Feature Extraction: A Fourier and Numerical Mapping Approach ---- To extract features using 5 numeric mappings
Due to the high number of genomic sequencing projects, the number of RNA transcripts increased significantly, creating a huge volume of data. Thus, new computational methods are needed for the analysis and information extraction from these data. In particular, when parts of a genome are transcribed into RNA molecules, some specific classes of RNA are produced, such as mRNA and ncRNA with different functions. In this way, long non-coding RNAs have emerged as key regulators of many biological processes. Therefore, machine learning approaches are being used to identify this enigmatic RNA class. Considering this, we present a Fourier transform-based features extraction approach with 5 numerical mapping techniques (Voss, Integer, Real, EIIP and Z-curve), in order to classify lncRNAs from plants. We investigate four classification algorithms like Naive Bayes, Random Forest, Support Vector Machine and AdaBoost. Moreover, the proposed approach was compared with 4 competing methods available in the literature (CPC2, CNCI, PLEK, and RNAplonc). The experimental results demonstrated high efficiency for the classification of lncRNAs, providing competitive performance.
-
Robson Parmezan Bonidia, Fabrício Martins Lopes, Lucas Dias Hiera Sampaio and Danilo Sipoli Sanches.
-
Correspondence: robservidor@gmail.com and danilosanches@utfpr.edu.br
Bonidia R.P., Sampaio L.D.H., Lopes F.M., Sanches D.S. (2019) Feature Extraction of Long Non-coding RNAs: A Fourier and Numerical Mapping Approach. In: Nyström I., Hernández Heredia Y., Milián Núñez V. (eds) Progress in Pattern Recognition, Image Analysis, Computer Vision, and Applications. CIARP 2019. Lecture Notes in Computer Science, vol 11896. Springer, Cham.
-
Datasets: Fasta and csv files used in our research;
-
Examples: Files of Example
-
README: Documentation;
-
featureExtraction.py Main File - Python.
- Python (>=3.5)
- NumPy
- SciPy
- Biopython
- Statistics
$ git clone https://github.com/Bonidia/FourierFeatureExtraction.git FeatureExtractionFourier
Access folder: $ cd FeatureExtractionFourier
To run the tool (Example): $ python3.5 featureExtraction.py -i input -o output -l mRNA -r 2
Where:
-i = Input - Fasta format file, e.g., test.fasta
-o = output - CSV format file, e.g., test.csv
-l = Label - Dataset Label, e.g., lncRNA, mRNA, sncRNA
-r = representation/mappings, e.g., 1 = Binary, 2 = Z-curve, 3 = Real, 4 = Integer, 5 = EIIP.

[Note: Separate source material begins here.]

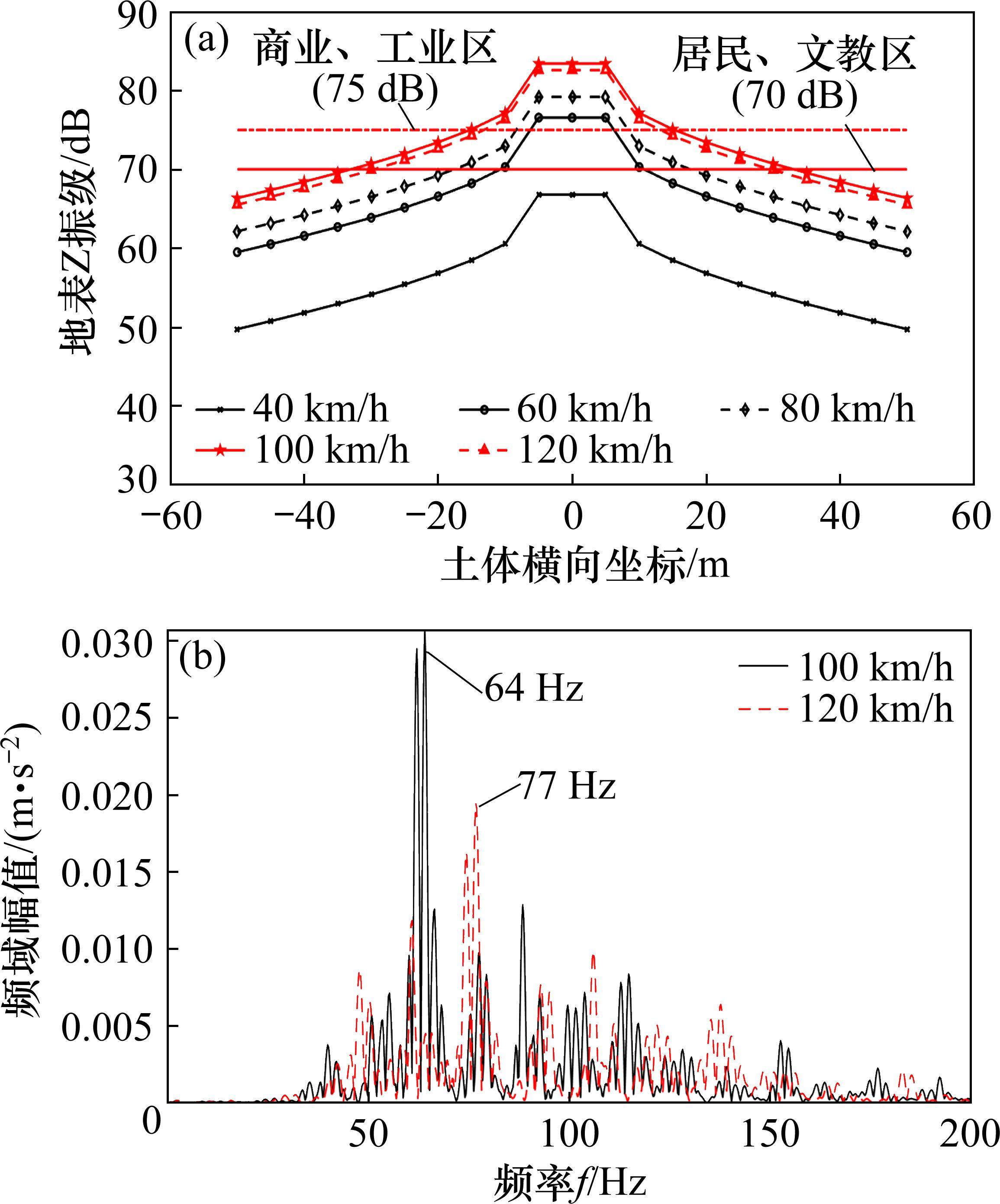 由图7(a)可知当车速由40 km/h增大到60 km/h时,地表Z振级大幅增大;40~100 km/h范围地表Z振级随车速的增大而增大,120 km/h时地表Z振级减小。根据GB10070-88城市各类区域垂向Z振级标准值[21]划分商业、工业区建筑室内Z振级不得超过75 dB,居民、文教区建筑室内Z振级为70 dB。规范定义的建筑室内Z振级测点布置在建筑一楼室内或建筑物外墙0.5 m范围内,可以认为与地表Z振级的大小一致。对于居民、文教区,距线路中心35 m外各车速对应室内Z振级都在标准值以下,车速在80 km/h以下时,距线路中心20 m外室内Z振级均低于标准值;对于商业、工业区,距线路中心18 m外各车速对应室内Z振级都在标准值以下;当车速在80 km/h及以下时,距线路中心10 m外室内Z振级都在标准值以下。

If you use this code in a scientific publication, we would appreciate citations to the following paper:
Bonidia R.P., Sampaio L.D.H., Lopes F.M., Sanches D.S. (2019) Feature Extraction of Long Non-coding RNAs: A Fourier and Numerical Mapping Approach. In: Nyström I., Hernández Heredia Y., Milián Núñez V. (eds) Progress in Pattern Recognition, Image Analysis, Computer Vision, and Applications. CIARP 2019. Lecture Notes in Computer Science, vol 11896. Springer, Cham.